■ Task to carry out
Output every entry below exactly, without its pictures.

■ Source data
"""

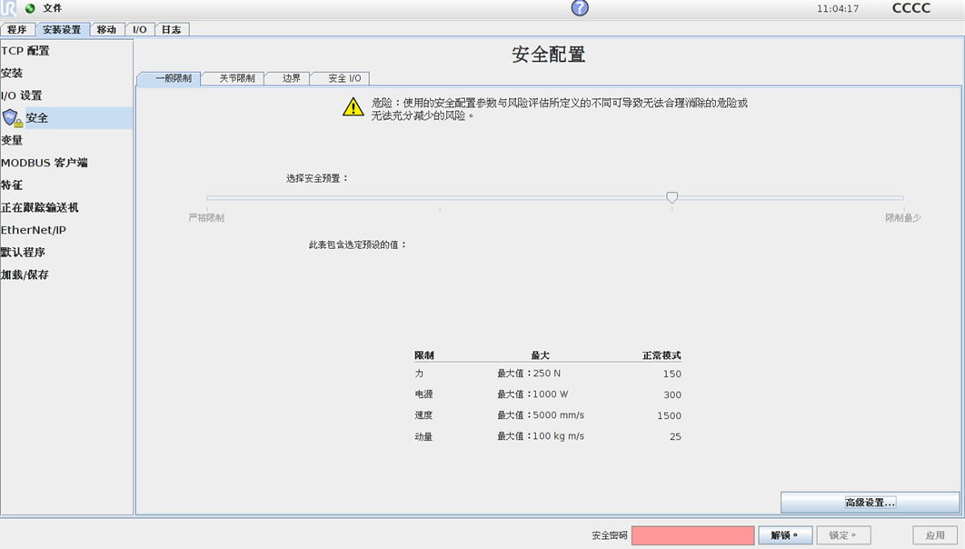 UR機器人對于安全非常重視。為了確保安全,共設置了安全限制、關節(jié)限制、安全界面、安全I/O四大類安全參數供操作者選擇。操作者可以根據實際情況使用一種或多種安全設置,以確保使用中的安全。所有安全參數的設置需要先輸入安全密碼,然后才能進行修改。
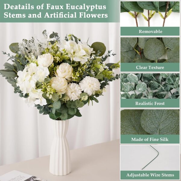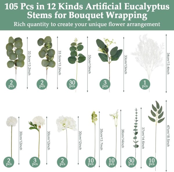- 10 Kinds of Artificial Plants & Flowers : The 105pcs artificial greenery set includes 10 different kinds of plants and flowers, like eucalyptus leaves stems, round eucalyptus leaves with fruits, seeded eucalyptus leaves, silver dollar-pointed eucalyptus leaves, white bracken, chrysanthemum ball, white peony, white hydrangeas, green white berry, faux flowers, blue eucalyptus stems and willow leaves.
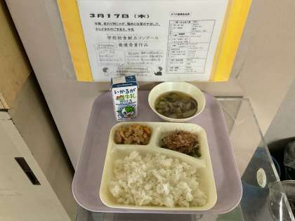 変わり肉じゃが 鶏肉と白菜のすまし汁 さんどまめのごまあえ ごはん 牛乳
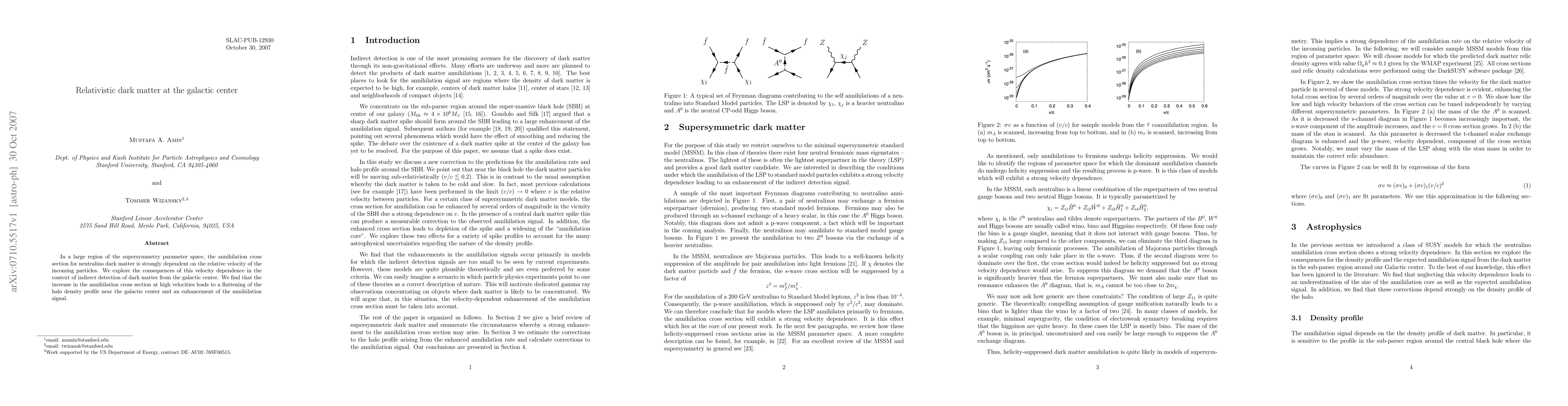 Summary: The paper investigates the impact of velocity-dependent annihilation cross sections for neutralino dark matter in supersymmetry, finding that high-velocity interactions lead to a flattened density profile near the galactic center and an amplified annihilation signal detectable indirectly.
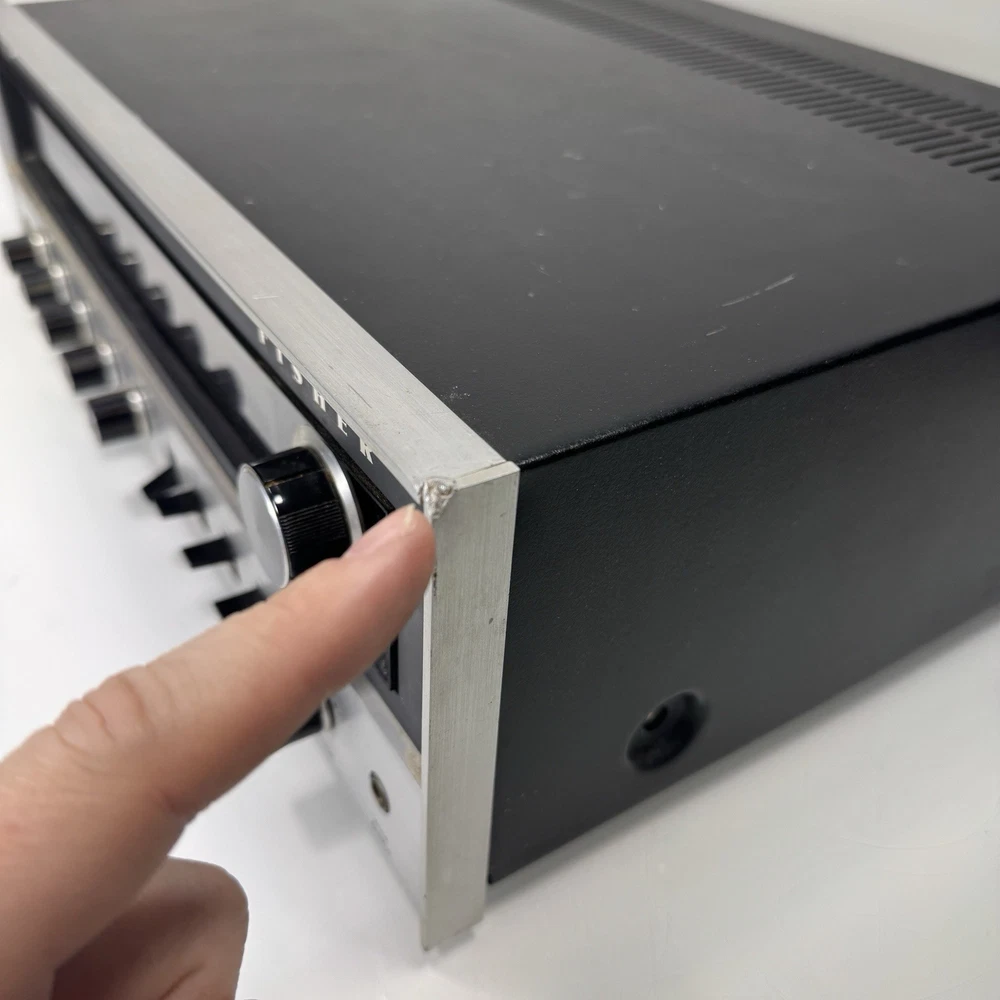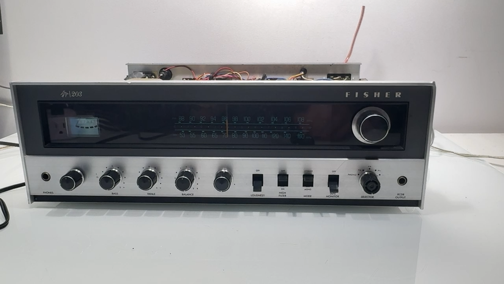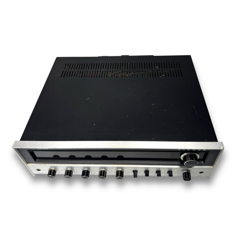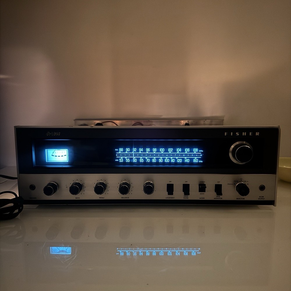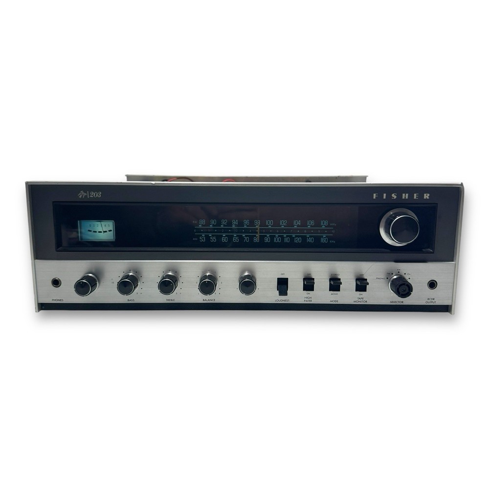 The Fisher 203 Stereo Receiver 30 WPC Turntable Ready Cleaned and Serviced Good overall condition - we have opened this unit up, Checked all the boards, banished the dust, cleaned the Pots, the Knobs, and shined up the Metal Face. No Electrical issues, we replaced a few of the lights, 1 on the signal meter, 5 along the Radio Dial, There is a set of lights for the tuning needle and the for the source selector. We did not replace those lights - they require a bit more surgery. Also the power/speaker selector is missing the writing around it, as well as the volume knob, and the source selector is starting to fade - see photos. ****updated 3/28/25***** Signal Lights replaced
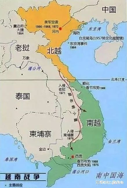 越南的17°線在朝鮮戰爭僅僅結束2年之後,越南戰爭爆發,到了1965年,美國更是直接參戰。
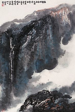 “泉声咽危石,日色冷青松”,诗人以倒装句,突出了入耳的泉声和触目的日色。溪水之中危石耸立,泉水不能顺利流淌,好像发出呜咽凄切的声音;夕阳西下,昏黄的余晖洒在一片幽深的松林上,冷色的青松,使照在上面的日光仿佛也变冷了。这里“咽”、“冷”二字用得极为准确、巧妙,被历代誉为炼字典范。“咽”是拟人,状石间泉声低沉,“冷”是通感,绘夕 阳余晖微弱。正如清人赵殿成在《王右丞集笺注》中所评:“下一‘咽’字,则幽静之状恍然 ;著一‘冷’字,则深僻之景若见。”此两句,作者将“泉声”、“危石”、“日色”、“青松”四个意象有机地组合在一起,以日色之凄冷与泉声的幽咽相互衬托。从而借泉声的幽咽和日色的凄冷,渲染山寺远离世间烟火、俗人难以接近的氛围。
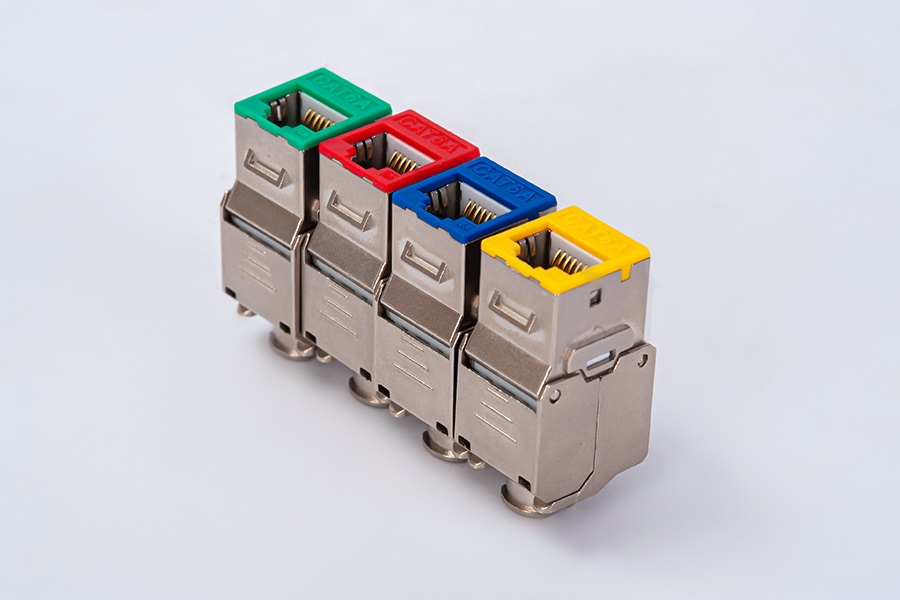 彩色锌合金屏蔽CAT6/CAT6A/CAT7免打网络模块

"""

■ Problem solution
 UR機器人對于安全非常重視。為了確保安全,共設置了安全限制、關節(jié)限制、安全界面、安全I/O四大類安全參數供操作者選擇。操作者可以根據實際情況使用一種或多種安全設置,以確保使用中的安全。所有安全參數的設置需要先輸入安全密碼,然后才能進行修改。
- 10 Kinds of Artificial Plants & Flowers : The 105pcs artificial greenery set includes 10 different kinds of plants and flowers, like eucalyptus leaves stems, round eucalyptus leaves with fruits, seeded eucalyptus leaves, silver dollar-pointed eucalyptus leaves, white bracken, chrysanthemum ball, white peony, white hydrangeas, green white berry, faux flowers, blue eucalyptus stems and willow leaves.
 変わり肉じゃが 鶏肉と白菜のすまし汁 さんどまめのごまあえ ごはん 牛乳
 Summary: The paper investigates the impact of velocity-dependent annihilation cross sections for neutralino dark matter in supersymmetry, finding that high-velocity interactions lead to a flattened density profile near the galactic center and an amplified annihilation signal detectable indirectly.
 The Fisher 203 Stereo Receiver 30 WPC Turntable Ready Cleaned and Serviced Good overall condition - we have opened this unit up, Checked all the boards, banished the dust, cleaned the Pots, the Knobs, and shined up the Metal Face. No Electrical issues, we replaced a few of the lights, 1 on the signal meter, 5 along the Radio Dial, There is a set of lights for the tuning needle and the for the source selector. We did not replace those lights - they require a bit more surgery. Also the power/speaker selector is missing the writing around it, as well as the volume knob, and the source selector is starting to fade - see photos. ****updated 3/28/25***** Signal Lights replaced
 越南的17°線在朝鮮戰爭僅僅結束2年之後,越南戰爭爆發,到了1965年,美國更是直接參戰。
 “泉声咽危石,日色冷青松”,诗人以倒装句,突出了入耳的泉声和触目的日色。溪水之中危石耸立,泉水不能顺利流淌,好像发出呜咽凄切的声音;夕阳西下,昏黄的余晖洒在一片幽深的松林上,冷色的青松,使照在上面的日光仿佛也变冷了。这里“咽”、“冷”二字用得极为准确、巧妙,被历代誉为炼字典范。“咽”是拟人,状石间泉声低沉,“冷”是通感,绘夕 阳余晖微弱。正如清人赵殿成在《王右丞集笺注》中所评:“下一‘咽’字,则幽静之状恍然 ;著一‘冷’字,则深僻之景若见。”此两句,作者将“泉声”、“危石”、“日色”、“青松”四个意象有机地组合在一起,以日色之凄冷与泉声的幽咽相互衬托。从而借泉声的幽咽和日色的凄冷,渲染山寺远离世间烟火、俗人难以接近的氛围。
 彩色锌合金屏蔽CAT6/CAT6A/CAT7免打网络模块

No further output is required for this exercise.